LISTED ENTRIES:

+===+

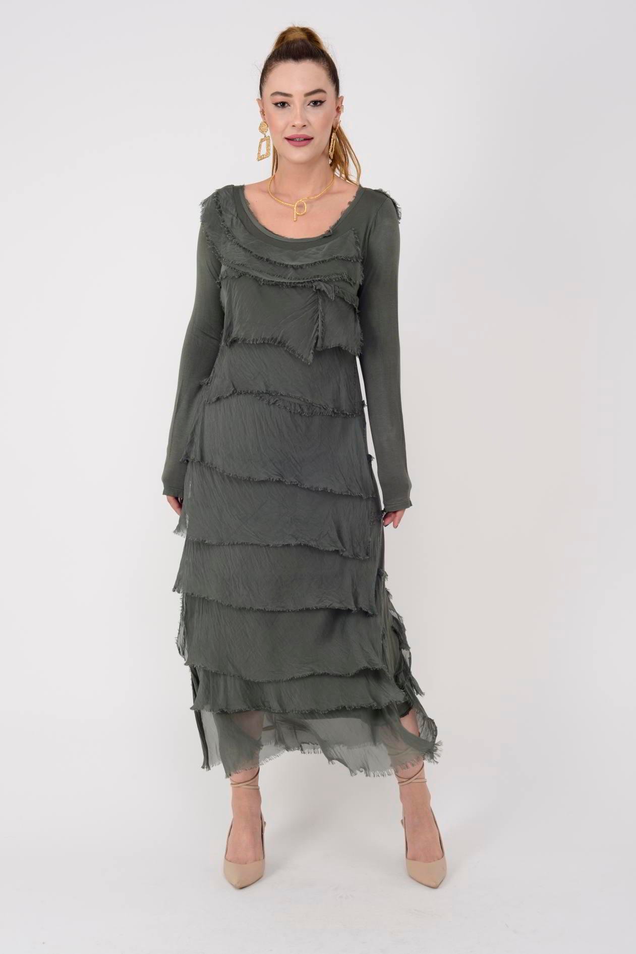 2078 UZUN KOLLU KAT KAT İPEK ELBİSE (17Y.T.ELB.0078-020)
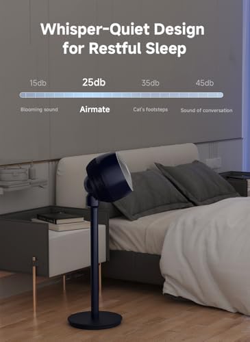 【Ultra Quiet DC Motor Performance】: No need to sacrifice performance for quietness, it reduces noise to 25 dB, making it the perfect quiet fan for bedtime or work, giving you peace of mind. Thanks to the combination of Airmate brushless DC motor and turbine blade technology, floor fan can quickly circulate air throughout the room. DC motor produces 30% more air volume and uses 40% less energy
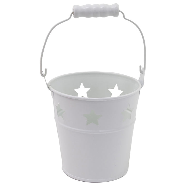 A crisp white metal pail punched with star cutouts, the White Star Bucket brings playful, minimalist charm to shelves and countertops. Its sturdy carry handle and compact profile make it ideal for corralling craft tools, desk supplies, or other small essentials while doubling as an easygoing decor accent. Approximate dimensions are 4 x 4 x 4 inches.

+===+

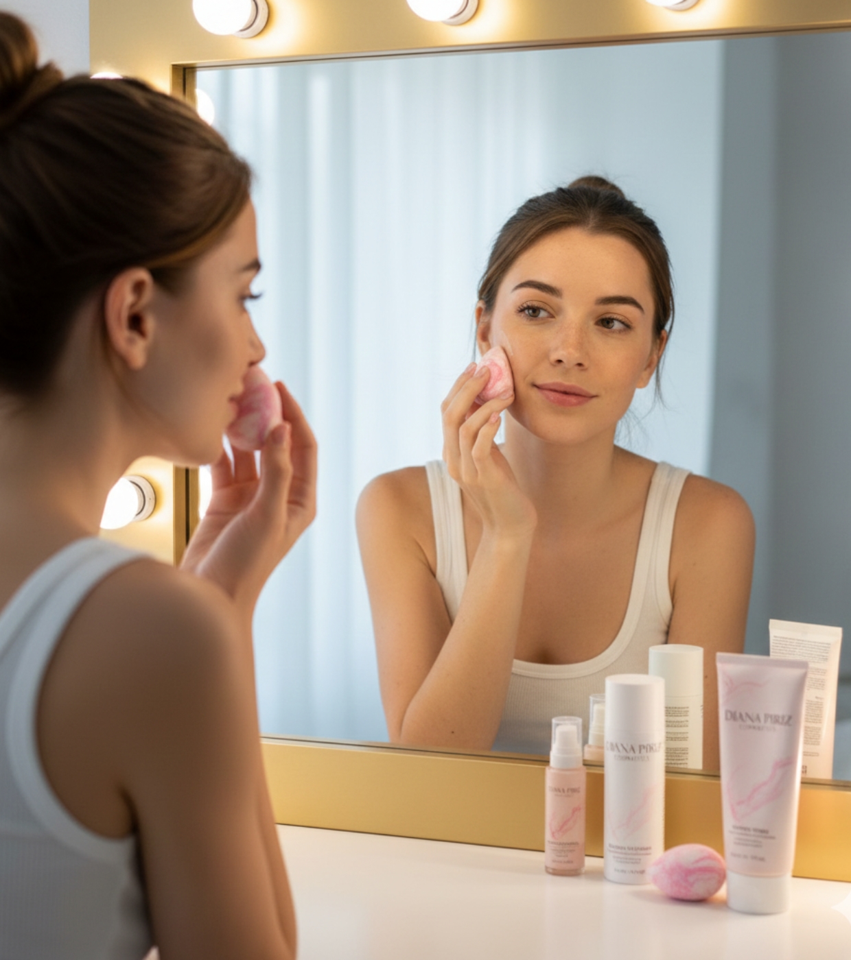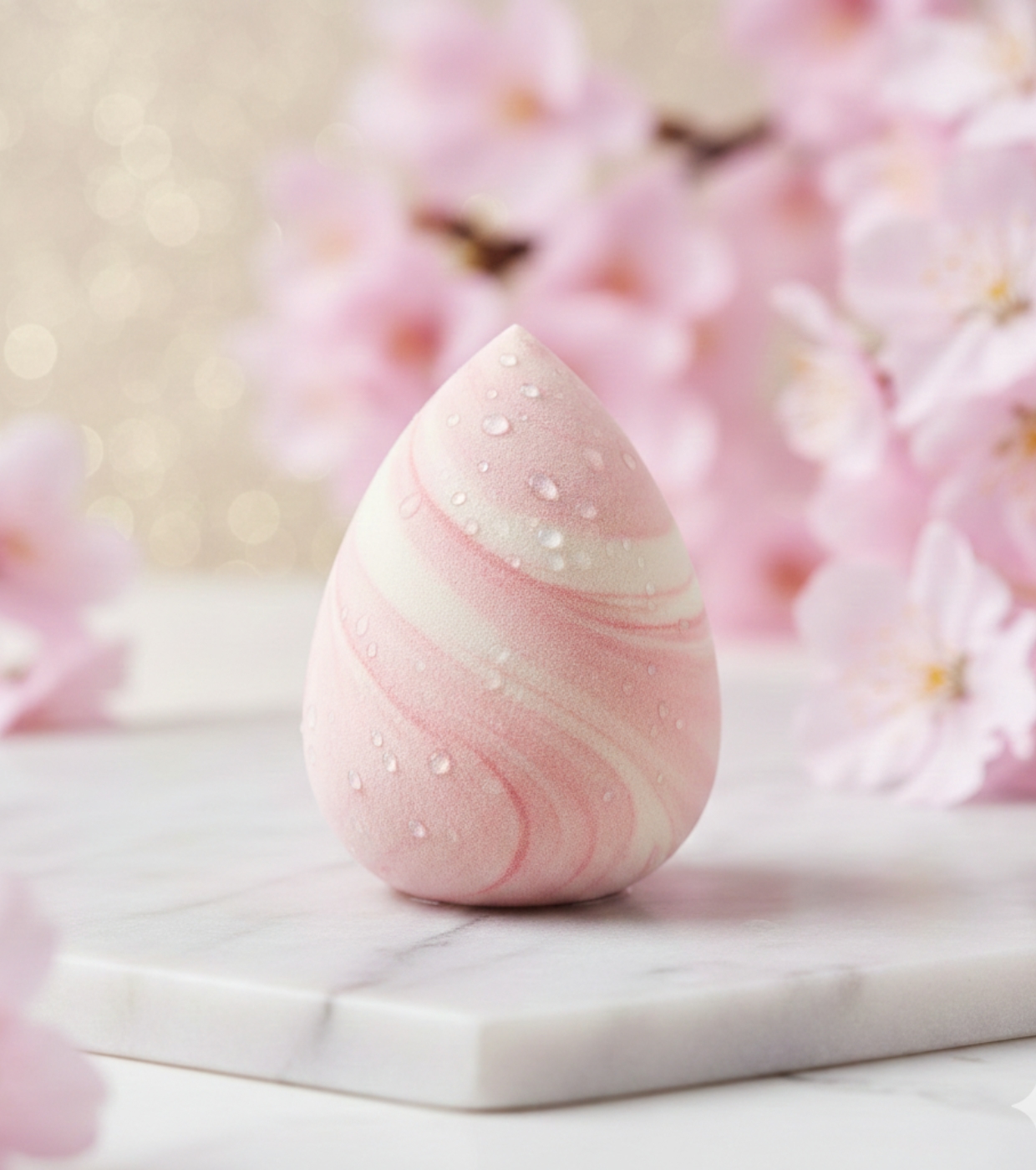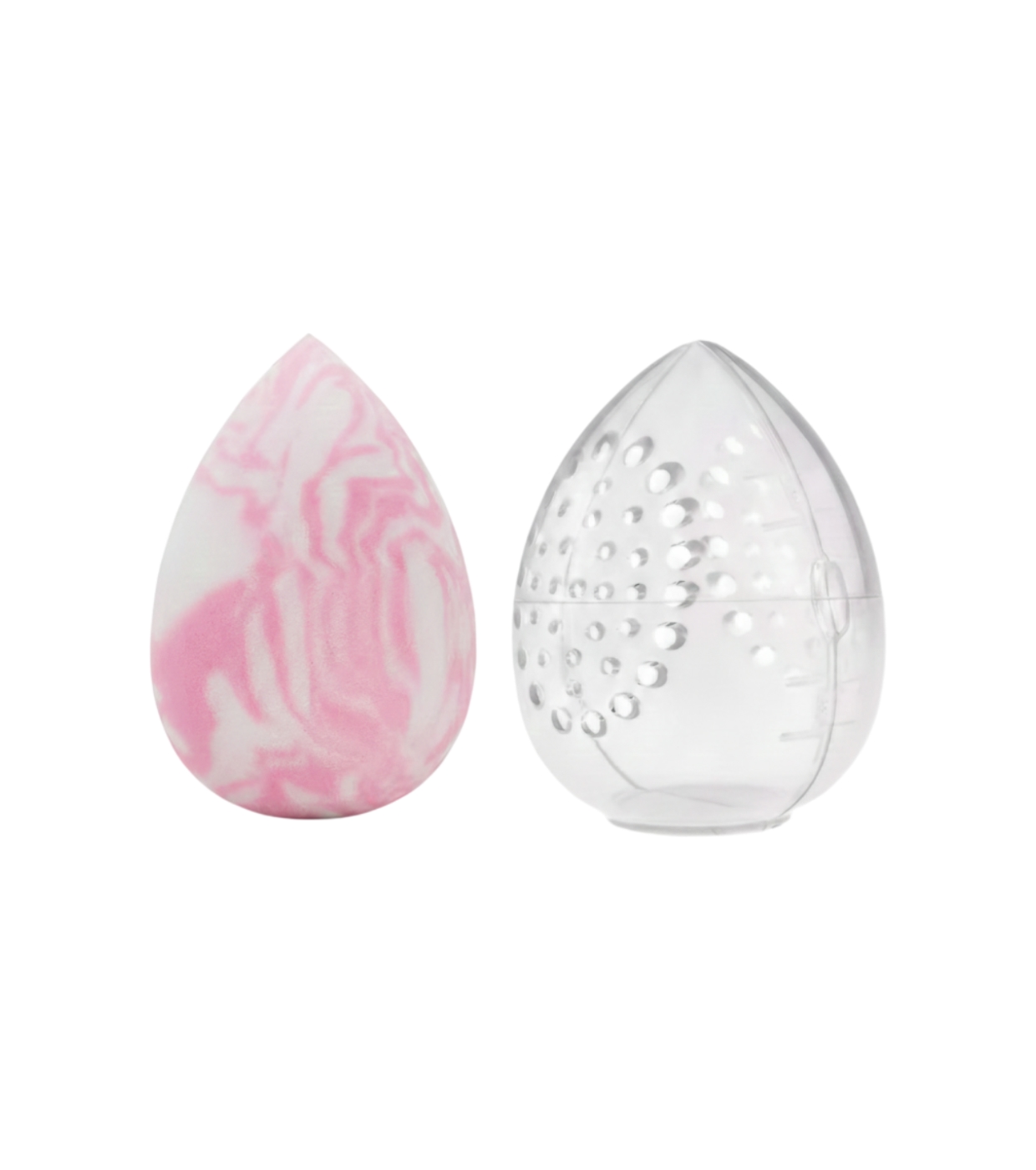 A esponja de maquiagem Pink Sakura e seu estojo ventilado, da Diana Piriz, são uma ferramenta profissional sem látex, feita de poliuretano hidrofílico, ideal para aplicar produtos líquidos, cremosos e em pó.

+===+

DIRECTIONS FOR THIS TASK: When copying from the data above, begin at the line containing "40% less energy" and end at the line containing "A crisp white"; return those lines exactly and leave all pictures behind.

TASK SOLUTION:
 【Ultra Quiet DC Motor Performance】: No need to sacrifice performance for quietness, it reduces noise to 25 dB, making it the perfect quiet fan for bedtime or work, giving you peace of mind. Thanks to the combination of Airmate brushless DC motor and turbine blade technology, floor fan can quickly circulate air throughout the room. DC motor produces 30% more air volume and uses 40% less energy
 A crisp white metal pail punched with star cutouts, the White Star Bucket brings playful, minimalist charm to shelves and countertops. Its sturdy carry handle and compact profile make it ideal for corralling craft tools, desk supplies, or other small essentials while doubling as an easygoing decor accent. Approximate dimensions are 4 x 4 x 4 inches.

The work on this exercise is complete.